В итоге Яна допрашивали всю ночь. Отпустили только к пяти утра. Понятное дело, что это незаконно — допрашивать ночью, тем более несовершеннолетнего. Равно как и применять к нему спецсредства. Я сижу всю ночь в «стакане». На меня не составляется ни один протокол. Нахожусь в непонятках. Там же сидит какой-то человек с белой горячкой, который пытается меня душить, и задержанный за покушение на убийство. Только рано утром заходит милиционер и даёт мне некий документ без подписей, в котором написано, что я обвиняюсь по статье 17-1 КоАП Беларуси. По их версии, я в трезвом виде на улице оскорблял прохожих. Согласно документу — в девять часов вечера.

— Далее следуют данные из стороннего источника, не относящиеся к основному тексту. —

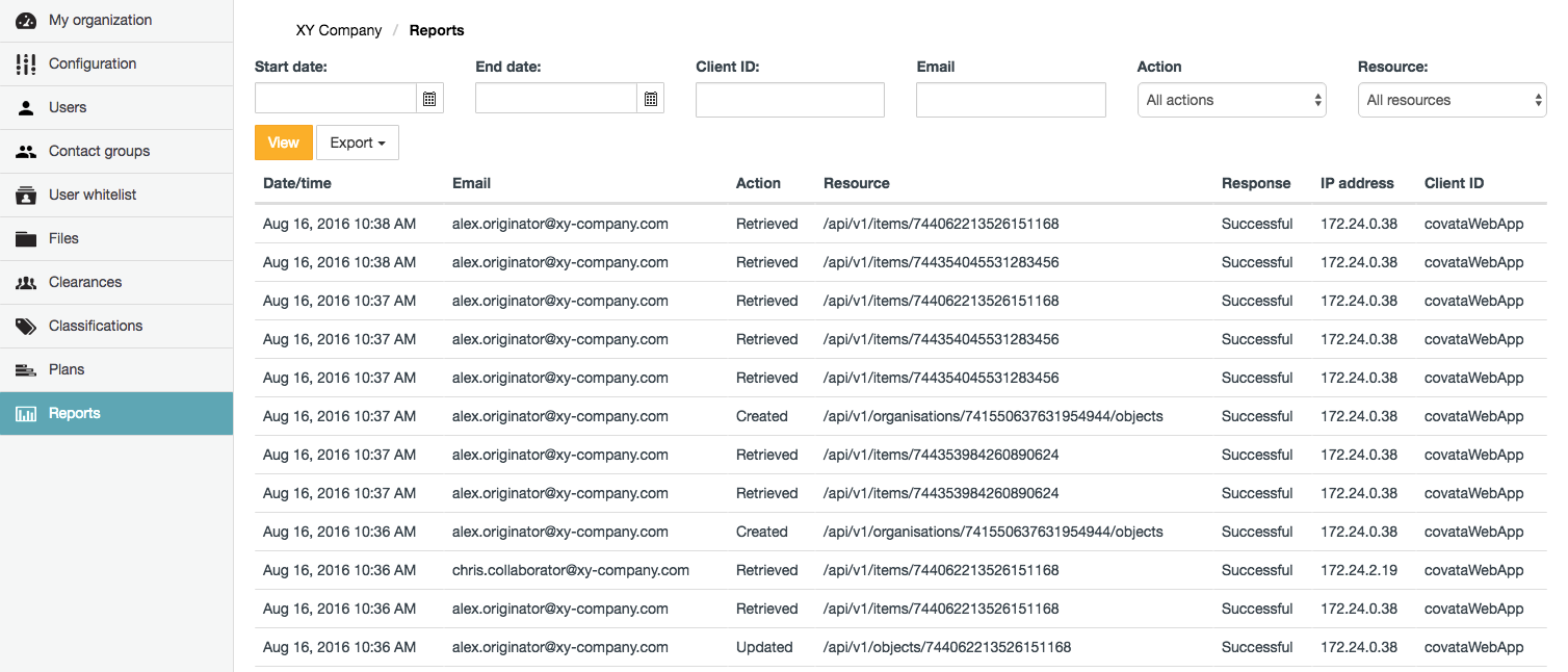Each activity (i.e. 'activity item') on the Reports page represents a request to an endpoint of the Covata Platform API. Each activity on this page consists of the following fields:

При этом до этого — без протокола, без ничего — в участке со мной беседовали и рассказывали «ты сядешь на восемь лет». Я такой, сокрушённо — мол, и нафига я вернулся в страну, а они сразу — о, минуточку. Вот когда ты отсюда выйдешь — пацан сказал, пацан сделал. Собирай вещи и уезжай.

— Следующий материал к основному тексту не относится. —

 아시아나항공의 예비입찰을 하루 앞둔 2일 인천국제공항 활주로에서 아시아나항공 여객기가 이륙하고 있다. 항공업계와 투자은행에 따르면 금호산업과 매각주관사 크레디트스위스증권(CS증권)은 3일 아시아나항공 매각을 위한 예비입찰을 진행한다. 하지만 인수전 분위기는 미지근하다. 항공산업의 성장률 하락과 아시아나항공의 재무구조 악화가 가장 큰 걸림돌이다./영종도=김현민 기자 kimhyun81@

В итоге утром суд. И суд присуждает мне штраф по вышеупомянутой 17-1 КоАП.
— Адвокат был?
— Какой адвокат? Я даже протокола не видел! Меня без протокола судили. Я в суде узнал, в чём меня толком обвиняют. Причём когда мне этот документ без подписей вручали, мне милиционер сказал — мол, пойми, это меньшее, что тебе могут дать за нападение на милиционера.
Потом пресс-служба МВД распространила официальную версию событий. Но в ней опять совсем не то, что разбиралось в суде, а драка с милиционером. Согласно ней, мы с Яном какие-то головорезы — я его держал, Ян бил, потом мы поменялись местами... С тех пор на телефон матери Яна начали поступать сообщения — мол, приглашают в милицию на беседы то его, то меня. И вот, 6 декабря его с мамой в очередной раз вызвали на беседу. Ян не пошёл, а его мама сходила и сказала — на тебя заведут дело по статье 364 УК РБ, нападение на представителя власти. А против Яна, мол, ведётся проверка по нескольким делам, включая это и распространение порнографии. Я понимаю, всё — пан или пропал. На следующий день мы уехали в Украину.
— Почему ты решил уезжать?
— Я не получил никакой поддержки от правозащитников. Мол, не политическое дело. Как будто бывают официально политические дела. В Беларуси одна «политическая» статья, клевета на президента, но под неё почти никто не подставляется. Обычно политическим шьют уголовные. В СМИ тоже освещали очень странно, усредняя мою версию с версией милиции. Я понял, что если меня посадят, обо мне просто забудут. А я как минимум на срок следствия окажусь в СИЗО, причём по статье «нападение на милиционера», по которой будут ещё как гнобить. А у нас в СИЗО реально очень плохо — там, вообще-то, иногда умирают. Стрёмно. Параллельно нас предупредили в школе, что готовятся перевести семью в СОП — социально опасное положение. То есть могут изъять ребенка.
— В таком возрасте?
— До восемнадцати могут. У нас это вообще на поток поставлено. Кто-то рассказывает страшилки про ювенальную юстицию в Скандинавии — в Беларуси в одной Витебской области за год более пятисот детей было изъято из семей. Спецучилище — и под усыновление.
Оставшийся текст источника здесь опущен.